It's from מגילת רות, the "Scroll of Ruth" (chapter 1, verse 14).   In the story, it's the second explicit mention of the names of the daughters-in-law of Naomi.  The first mention, of course, has the two women named in relation to their men, their husbands (in verse 4).  The men are Naomi's sons, who die and leave the two younger women alone as widows; Naomi cries that she cannot replace them because she's too old to bear more sons in her womb.  The significance of the women, and their names perhaps, seems implicit in their need to conceive and to produce male babies.  But in 14, the names have significance, feminine significances, beyond the men.  There is a literary significance, a wordplay, to get at other realities for the women.  It comes out also in the Hellene translation from the Hebrew, though the play is in different directions.

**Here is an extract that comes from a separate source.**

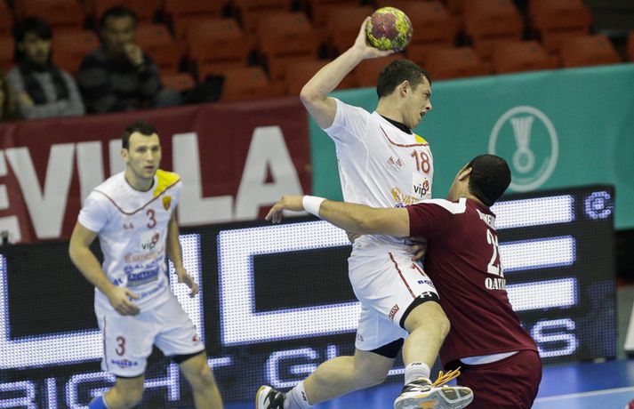 HM 2013 | Makedónía líka í basli með Katar Eiríkur Stefán Ásgeirsson skrifar 13. janúar 2013 18:41 Myndir / Vilhelm Gunnarsson Makedónía vann í dag fjögurra marka sigur á Katar, 34-30, og eru því með fullt hús stiga eftir fyrstu tvo leikina í B-riðli á HM í handbolta. Makedónía vann einnig sigur á Síle í gær, 30-28, en hafa nú lent í basli með tvö lægst skrifuðustu liðin í riðlinum. Ísland mætir næst Makedóníu á þriðjudaginn og er ljóst að leikurinn skiptir miklu máli fyrir íslenska liðið. Makedónía byrjaði miklu betur og var með átta marka forystu í hálfleik, 21-13. Katarbúar létu þó ekki slá sig af laginu og náðu að minnka muninn mest í tvö mörk í seinni hálfleik. En þar við sat. Leikur Íslands og Makedóníu hefst klukkan 17.00 á þriðjudaginn.Úrslit, staða og næstu leikir á HM 2013. Mest lesið Þreytt á umræðu um líkamann sinn: „Á ekki að tjá sig um það“ Sport Hneysklaður á ósönnum orðrómum Fótbolti Ekkja Jota þakklát: „Hefur meiri þýðingu en orð geta lýst“ Enski boltinn Hættir ekki fyrr en hann skorar þúsund mörk Fótbolti Yfirgefur Keflavík vegna komu Martins Körfubolti Skynjar stress hjá Arsenal Enski boltinn Segja að Wirtz græði á fjarveru Salah: „Sé hann fljúga í gang“ Enski boltinn Enn kvarnast úr liði Blika Íslenski boltinn Ótrúleg tölfræði Jokic Körfubolti Dagskráin í dag: Pílukast og Íslandsmeistarar Sport Fleiri fréttir Óðinn bikarmeistari fjórða árið í röð Kolstad tapaði bikarúrslitaleiknum í vítakeppni Segir starfið í húfi hjá Alfreð Haukur náði hundrað og hundrað fyrir EM Íslendingarnir í miklum ham fyrir EM Handarbrotinn og missir af úrslitaleiknum Reynir farinn að láta til sín taka í þýsku deildinni Elín Klara atkvæðamikil og sigursæl í jólaleiknum Birgir byrjaði rólega eftir jólafrí en fagnaði sigri Stoltur af stráknum en ætlar ekki að kaupa hann aftur Ekkert spilað í vetur en gæti mætt Íslandi í fyrsta leik á EM Arnar Daði rekinn frá Stjörnunni en áfram þjálfari kvennaliðsins Öll höllin æpti nafn Gísla í spennutrylli Sakaður um niðurlægingu: „Við viljum ekki hafa hann sem þjálfara“ Haukur getur náð hundrað plús hundrað fyrir EM-fríið Rúnar sótti sinn fyrsta sigur sem þjálfari Wetzlar Haukur með sjö mörk og Magdeburg rétt marði botnliðið Rúmlega áttræður Moustafa endurkjörinn forseti IHF með yfirburðum Slæm fjárhagsstaða HSÍ kemur ekki niður á EM Donni fagnaði EM vali með skotsýningu Sigvaldi Björn fjarri góðu gamni í sjaldséðu tapi Kolstad Eva Björk með stórleik í fyrsta sigri Stjörnunnar „Hann er ein stærsta ástæðan fyrir því“ KA-menn fengu góða jólagjöf Flautumark hjá FH og ÍR með þeim í Höllina KA í undanúrslit á kostnað bikarmeistaranna Stærsti leikur ársins í Eyjum fer fram í kvöld „Er því miður kominn í jólafrí“ „Þetta var mjög skrítinn leikur“ Haukakonur í fjórða sætið Sjá meira

So let's come back to possible meanings of the names of the two younger women in Hebrew, and then look at how this plays in Greek (i.e., Hellene).  The name "Orpah" (עָרְפָּה) seems to have significance in physical appearance and means something like "bangs" or "forelock" or "mane" - perhaps as a female deer or gazelle might have.  The name "Ruth" (רוּת) seems to have significance physical appearance but  may also have significance in character or relationship; the name, ambiguously, means something like "beauty" or "good looking" and also "friend."  These are Hebrew words for foreign women, for non-Jews who are also females.  When "translated" by Jewish men into Hellene, the words are simply transliterated, so that the Hebrew sounds are retained when you read the Greek:  Ορφα and Ρουθ.  If you are not a Hebrew speaking Jew who is a male, then the significance of the words, even their sounds, is lost in transliteration.

Now, if you go back to re-read verses 4 and 14 with the names actually translated (and not just transliterated), then it goes something like this in English:
4 And they took them wives of the women of Moab: the name of the one was "Doe with Bangs," and the name of the other "Good-looking Friend"; and they dwelt there about ten years.
14 And they lifted up their voice, and wept again; and "Doe with Bangs" kissed her mother-in-law; but "Good-looking Friend" cleaved unto her.
The significances (or the wordplay) in the names seem to come out strongly in verse 14.  (By wordplay I mean not only playfulness but also interpretative play or wiggle room.)  Doe-with-Bangs ("Orpah") kisses her mother-in-law.  The kiss is reminiscent of what Naomi had already done to both young women in verse 9.  There, the mother-in-law is not only comforting them in their grief but she is also giving them a patriarchal blessing.  That is, Naomi is pronouncing God's kindness and rest on the widows provided they return to find men who will marry and impregnate them.  They are to be fruitful and to multiply by bearing male babies, by giving birth to sons.  When Doe-with-Bangs kisses her mother-in-law, she is signaling that she will return (perhaps as gracefully as a running deer to the young bucks at home).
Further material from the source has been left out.